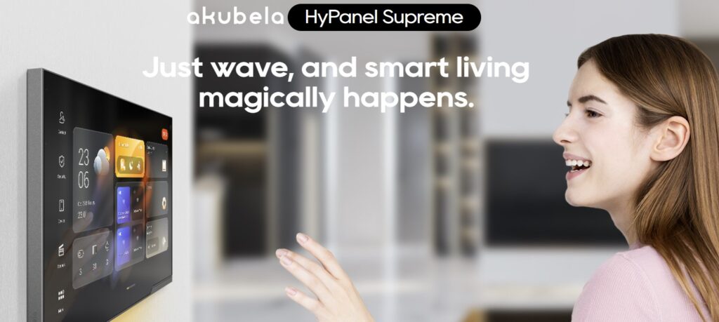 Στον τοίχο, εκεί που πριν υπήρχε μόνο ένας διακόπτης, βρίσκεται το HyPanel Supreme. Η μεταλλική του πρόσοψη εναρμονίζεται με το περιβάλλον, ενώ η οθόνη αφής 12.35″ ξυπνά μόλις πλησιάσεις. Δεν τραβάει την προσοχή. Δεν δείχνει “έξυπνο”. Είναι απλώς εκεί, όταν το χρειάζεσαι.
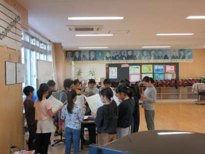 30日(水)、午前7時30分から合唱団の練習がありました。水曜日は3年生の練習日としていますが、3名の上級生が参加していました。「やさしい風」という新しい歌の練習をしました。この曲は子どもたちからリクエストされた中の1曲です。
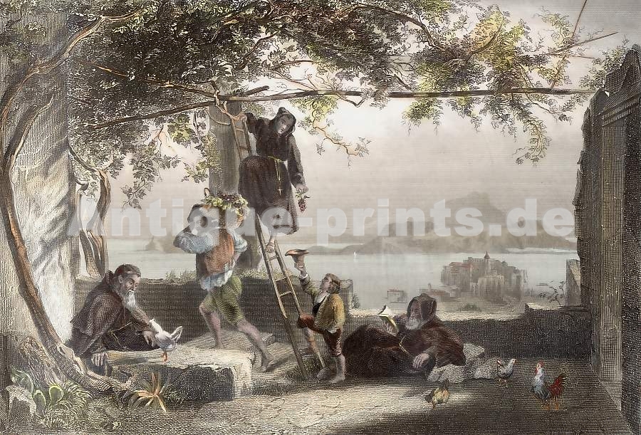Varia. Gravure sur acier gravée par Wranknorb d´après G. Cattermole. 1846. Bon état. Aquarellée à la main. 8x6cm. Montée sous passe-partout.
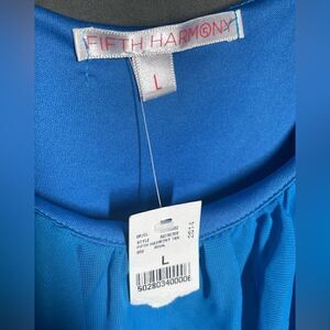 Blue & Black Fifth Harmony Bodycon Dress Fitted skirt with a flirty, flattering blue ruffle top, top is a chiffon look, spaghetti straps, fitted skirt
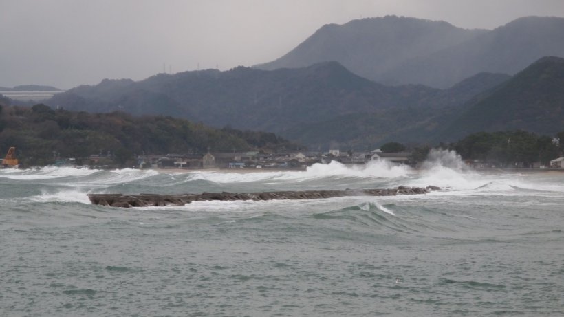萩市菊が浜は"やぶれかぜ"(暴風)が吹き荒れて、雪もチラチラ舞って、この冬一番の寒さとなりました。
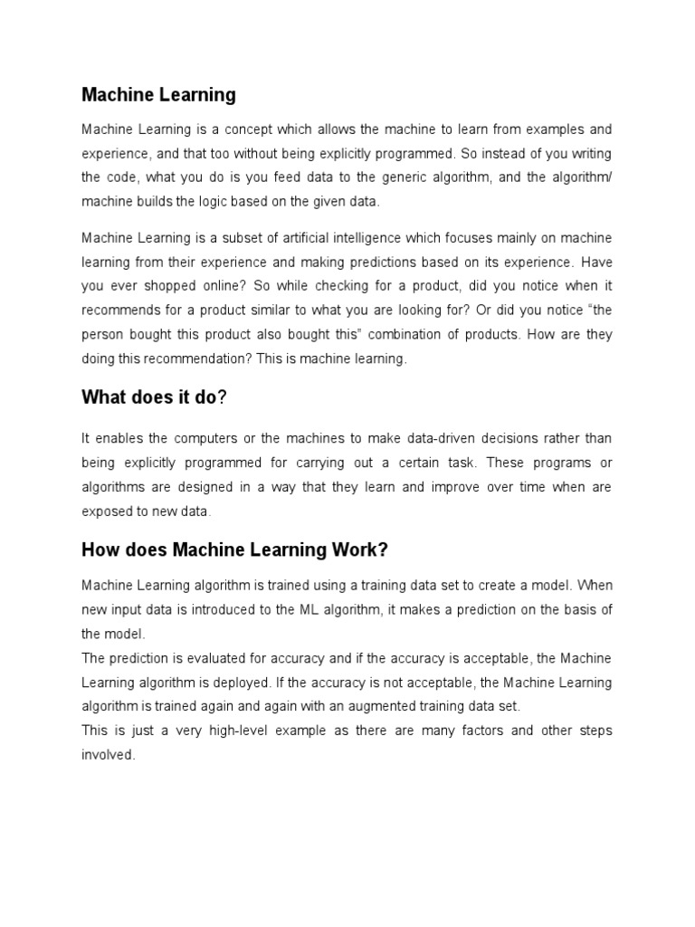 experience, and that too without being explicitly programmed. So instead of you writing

☆ ☆ ☆ ☆ ☆ ☆ ☆

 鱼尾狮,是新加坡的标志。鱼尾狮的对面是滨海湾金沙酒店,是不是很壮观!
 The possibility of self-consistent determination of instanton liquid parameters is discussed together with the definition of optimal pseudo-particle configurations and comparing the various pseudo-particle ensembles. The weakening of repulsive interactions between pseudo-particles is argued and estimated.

☆ ☆ ☆ ☆ ☆ ☆ ☆

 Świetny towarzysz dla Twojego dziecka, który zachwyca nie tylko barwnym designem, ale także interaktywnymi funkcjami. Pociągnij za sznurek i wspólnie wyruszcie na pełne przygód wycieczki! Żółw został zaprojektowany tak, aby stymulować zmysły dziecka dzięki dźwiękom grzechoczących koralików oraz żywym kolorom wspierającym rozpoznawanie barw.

☆ ☆ ☆ ☆ ☆ ☆ ☆

● BRIEF
Using the entries above, transcribe every line from the line containing "Στον τοίχο, εκεί" through the line containing "experience, and that". Do not copy pictures.

● TASK RESULT
 Στον τοίχο, εκεί που πριν υπήρχε μόνο ένας διακόπτης, βρίσκεται το HyPanel Supreme. Η μεταλλική του πρόσοψη εναρμονίζεται με το περιβάλλον, ενώ η οθόνη αφής 12.35″ ξυπνά μόλις πλησιάσεις. Δεν τραβάει την προσοχή. Δεν δείχνει “έξυπνο”. Είναι απλώς εκεί, όταν το χρειάζεσαι.
 30日(水)、午前7時30分から合唱団の練習がありました。水曜日は3年生の練習日としていますが、3名の上級生が参加していました。「やさしい風」という新しい歌の練習をしました。この曲は子どもたちからリクエストされた中の1曲です。
Varia. Gravure sur acier gravée par Wranknorb d´après G. Cattermole. 1846. Bon état. Aquarellée à la main. 8x6cm. Montée sous passe-partout.
 Blue & Black Fifth Harmony Bodycon Dress Fitted skirt with a flirty, flattering blue ruffle top, top is a chiffon look, spaghetti straps, fitted skirt
萩市菊が浜は"やぶれかぜ"(暴風)が吹き荒れて、雪もチラチラ舞って、この冬一番の寒さとなりました。
 experience, and that too without being explicitly programmed. So instead of you writing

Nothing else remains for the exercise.